§ Exercise input
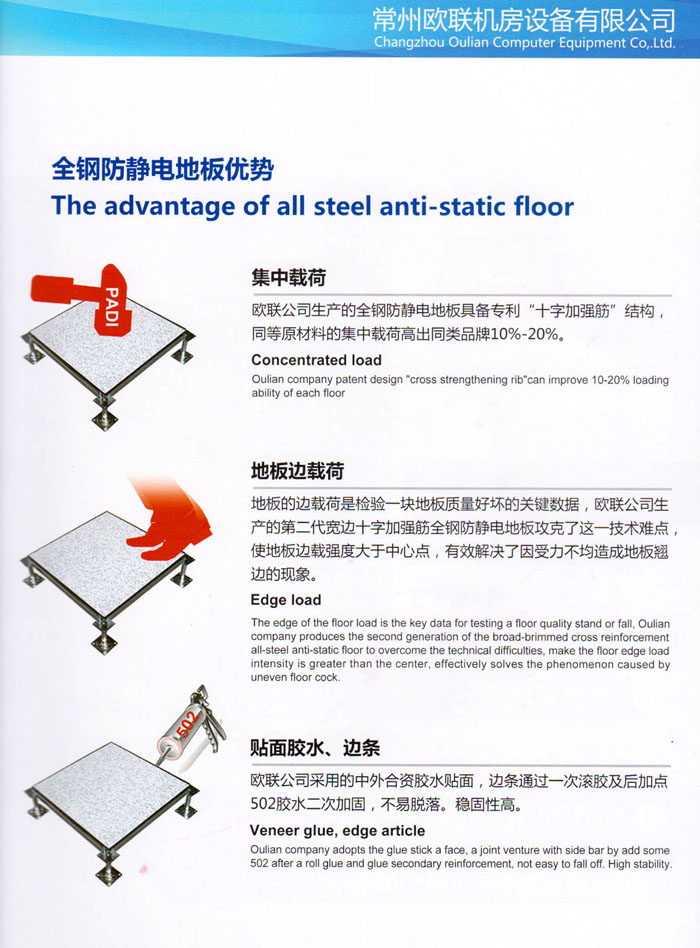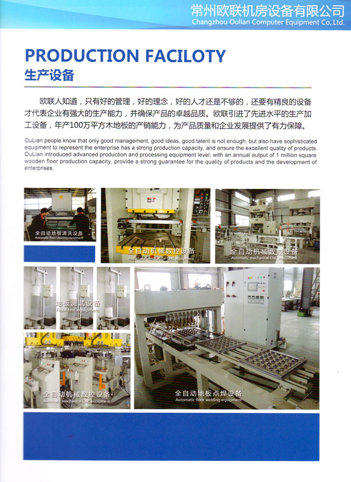 防靜電高架活動(dòng)地板、全鋼地板、陶瓷地板是計(jì)算機(jī)行業(yè)發(fā)展起來(lái)的新型鋪地材料,隔離了潮氣、靜電灰塵,最重要的是解決了綜合布線問(wèn)題,無(wú)需預(yù)埋管線,可隨時(shí)拆卸、搬移,保證了資訊設(shè)備完整的優(yōu)點(diǎn),適應(yīng)了智能化樓宇中信息自動(dòng)化技術(shù)對(duì)所處環(huán)境的特定要求,避免了廣大客戶的雙重投資,使現(xiàn)代化辦公程度更加高效,辦公場(chǎng)所更加舒適。 “歐聯(lián)”系列全鋼地板,符合國(guó)家安全要求,種類完備多樣,其中防靜電陶瓷地板、硫酸鈣地板等除具有普通瓷質(zhì)的裝飾和實(shí)用性外,其耐磨、防水、防火功能優(yōu)于其它同類產(chǎn)品,防靜電系列地板,能切合不同客戶的要求,其靈活的配置,深受客戶歡迎,不同材質(zhì)的地板結(jié)構(gòu)使設(shè)計(jì)師的設(shè)計(jì)空間比傳統(tǒng)的更加廣闊自由和善變。 公司大力發(fā)展國(guó)內(nèi)外銷售業(yè)務(wù),多次中標(biāo)國(guó)內(nèi)重點(diǎn)工程 ,例:哈爾濱醫(yī)科大學(xué)、山東大學(xué)、上海普通機(jī)場(chǎng)等。 公司將一如既往開(kāi)發(fā)和制造一流的產(chǎn)品,愿與廣大有識(shí)之士合作發(fā)展,共創(chuàng)美好未來(lái)。
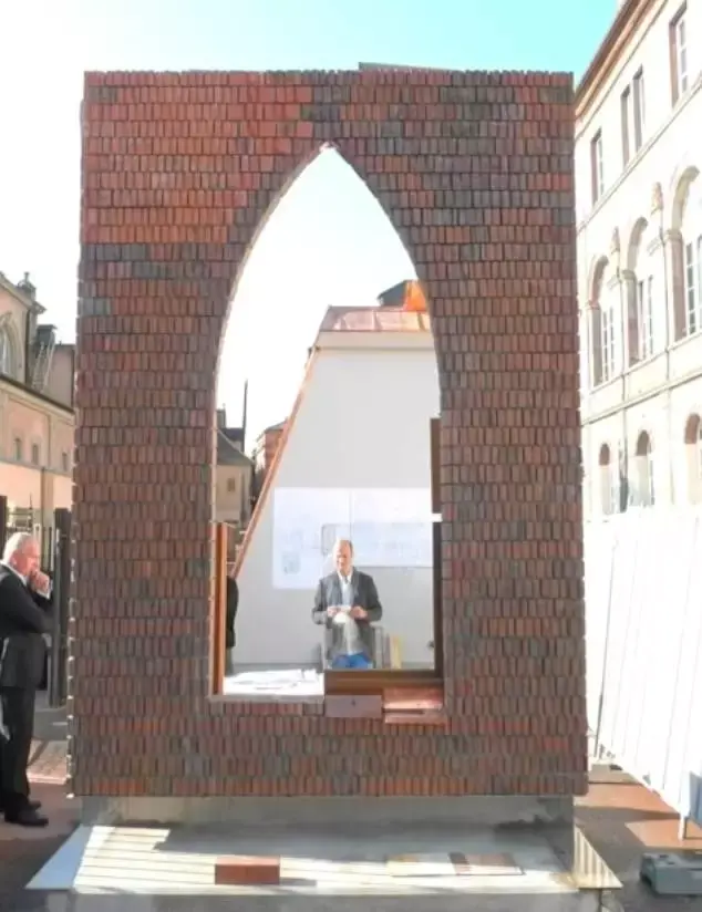 新建筑的材量上原修道院建筑履历了屡次补葺的各类外表质料与差别时代窗户都是汗青陈迹。通过中间折断新砖,整齐的面朝内,粗拙的面朝外拼贴,使新建筑在外墙材量上与修道院成立联络。我们曾经在某中国项目里也如许测验考试,但最初不了了之,此次在科尔马博物馆扩建中得到实现。哥特窗并没有利用拱形构造,而是在室内营造了一个矩形到拱形有机改变的深邃落地窗空间。
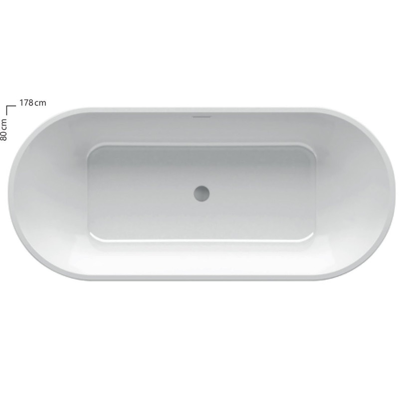 Akrilinė vonia, Ovali, Matmenys - 178x80 cm, Sniego baltumo spalvos, Maks. vandens tūris - 310 l, Lengva priežiūra, Ilgiau išsilaikantis šiltas vanduo, Komplektuojama su kojelėmis ir vandens nutekėjimo komplektu, 10 metų garantija
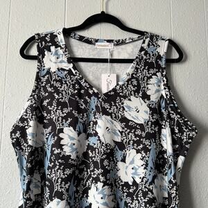 Fantaslook women's top. V-neck. Sleeveless. Side slits. Stretch. Dark floral. New with tags in excellent condition. No stains, tears or holes.
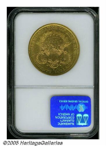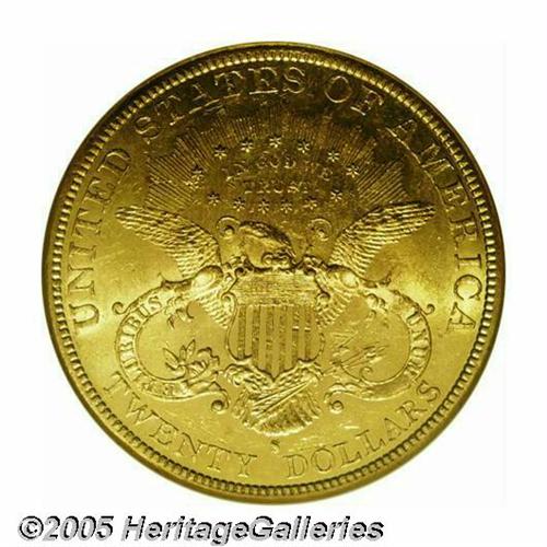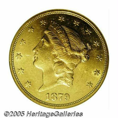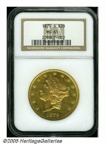<B>1879-S<$20> MS61 NGC.</B></I> Typically bagmarked, particularly on the obverse, this coin retains its original, bright mint luster. In fact, the fields impart a partially reflective sheen. Some green-gold patina has formed on each side.
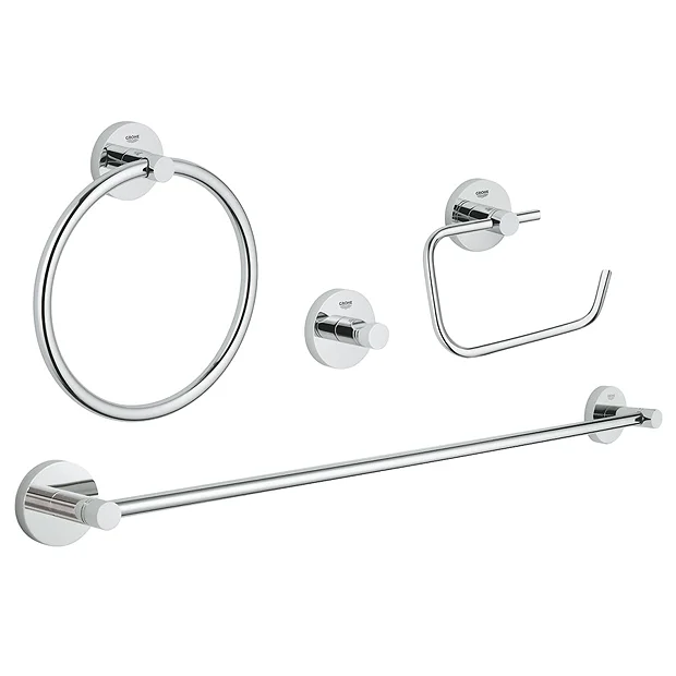 The Grohe Essentials 4-Piece Bathroom Accessories Set provides the ideal finishing touch to your bathroom. Consisting of towel ring, 600mm towel rail, robe hook and toilet paper holder. In a dazzling, durable GROHE StarLight chrome finish, this set has everything you need to complement your bathroom scheme.
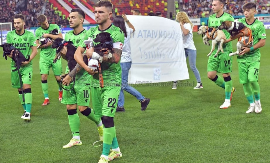 Футболисты бухарестского «Динамо» стали участниками благотворительной акции в поддержку бездомных животных. Игроки клуба перед началом матча с ФКСБ вышли с питомцами на руках.
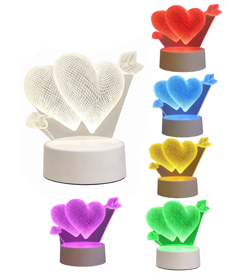 Aceasta lampa LED RGB 3D cu inimi cupidon imbina designul atragator cu functionalitatea practica, oferind iluminare decorativa cu schimbare de culori si control tactil, usor de integrat in orice locuinta.
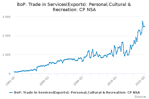Download this time seriesBoP: Trade in Services(Exports): Personal,Cultural & Recreation: CP NSA
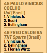 Meus indicados seriam jogadores do Real Madrid. Vinicius Jr, não pelo que fez pelo Brasil, mas pelo Real Madrid, me parece um grande atacante. Jude Bellingham, destaque da Inglaterra na Eurocopa e com atuação notável no Real Madrid, impressiona em sua adaptação. E o Federico Valverde tem um trabalho menos impressionante, mas é regular no Real Madrid, foi o jogador com mais assistências e sempre vencendo, mesmo na seleção uruguaia assumiu a capitania e teve uma grande reviravolta na última temporada.

§ Problem details
The output should consist of the records above, reproduced exactly, without pictures.

§ Task result
 防靜電高架活動(dòng)地板、全鋼地板、陶瓷地板是計(jì)算機(jī)行業(yè)發(fā)展起來(lái)的新型鋪地材料,隔離了潮氣、靜電灰塵,最重要的是解決了綜合布線問(wèn)題,無(wú)需預(yù)埋管線,可隨時(shí)拆卸、搬移,保證了資訊設(shè)備完整的優(yōu)點(diǎn),適應(yīng)了智能化樓宇中信息自動(dòng)化技術(shù)對(duì)所處環(huán)境的特定要求,避免了廣大客戶的雙重投資,使現(xiàn)代化辦公程度更加高效,辦公場(chǎng)所更加舒適。 “歐聯(lián)”系列全鋼地板,符合國(guó)家安全要求,種類完備多樣,其中防靜電陶瓷地板、硫酸鈣地板等除具有普通瓷質(zhì)的裝飾和實(shí)用性外,其耐磨、防水、防火功能優(yōu)于其它同類產(chǎn)品,防靜電系列地板,能切合不同客戶的要求,其靈活的配置,深受客戶歡迎,不同材質(zhì)的地板結(jié)構(gòu)使設(shè)計(jì)師的設(shè)計(jì)空間比傳統(tǒng)的更加廣闊自由和善變。 公司大力發(fā)展國(guó)內(nèi)外銷售業(yè)務(wù),多次中標(biāo)國(guó)內(nèi)重點(diǎn)工程 ,例:哈爾濱醫(yī)科大學(xué)、山東大學(xué)、上海普通機(jī)場(chǎng)等。 公司將一如既往開(kāi)發(fā)和制造一流的產(chǎn)品,愿與廣大有識(shí)之士合作發(fā)展,共創(chuàng)美好未來(lái)。
 新建筑的材量上原修道院建筑履历了屡次补葺的各类外表质料与差别时代窗户都是汗青陈迹。通过中间折断新砖,整齐的面朝内,粗拙的面朝外拼贴,使新建筑在外墙材量上与修道院成立联络。我们曾经在某中国项目里也如许测验考试,但最初不了了之,此次在科尔马博物馆扩建中得到实现。哥特窗并没有利用拱形构造,而是在室内营造了一个矩形到拱形有机改变的深邃落地窗空间。
 Akrilinė vonia, Ovali, Matmenys - 178x80 cm, Sniego baltumo spalvos, Maks. vandens tūris - 310 l, Lengva priežiūra, Ilgiau išsilaikantis šiltas vanduo, Komplektuojama su kojelėmis ir vandens nutekėjimo komplektu, 10 metų garantija
 Fantaslook women's top. V-neck. Sleeveless. Side slits. Stretch. Dark floral. New with tags in excellent condition. No stains, tears or holes.
<B>1879-S<$20> MS61 NGC.</B></I> Typically bagmarked, particularly on the obverse, this coin retains its original, bright mint luster. In fact, the fields impart a partially reflective sheen. Some green-gold patina has formed on each side.
 The Grohe Essentials 4-Piece Bathroom Accessories Set provides the ideal finishing touch to your bathroom. Consisting of towel ring, 600mm towel rail, robe hook and toilet paper holder. In a dazzling, durable GROHE StarLight chrome finish, this set has everything you need to complement your bathroom scheme.
 Футболисты бухарестского «Динамо» стали участниками благотворительной акции в поддержку бездомных животных. Игроки клуба перед началом матча с ФКСБ вышли с питомцами на руках.
 Aceasta lampa LED RGB 3D cu inimi cupidon imbina designul atragator cu functionalitatea practica, oferind iluminare decorativa cu schimbare de culori si control tactil, usor de integrat in orice locuinta.
Download this time seriesBoP: Trade in Services(Exports): Personal,Cultural & Recreation: CP NSA
 Meus indicados seriam jogadores do Real Madrid. Vinicius Jr, não pelo que fez pelo Brasil, mas pelo Real Madrid, me parece um grande atacante. Jude Bellingham, destaque da Inglaterra na Eurocopa e com atuação notável no Real Madrid, impressiona em sua adaptação. E o Federico Valverde tem um trabalho menos impressionante, mas é regular no Real Madrid, foi o jogador com mais assistências e sempre vencendo, mesmo na seleção uruguaia assumiu a capitania e teve uma grande reviravolta na última temporada.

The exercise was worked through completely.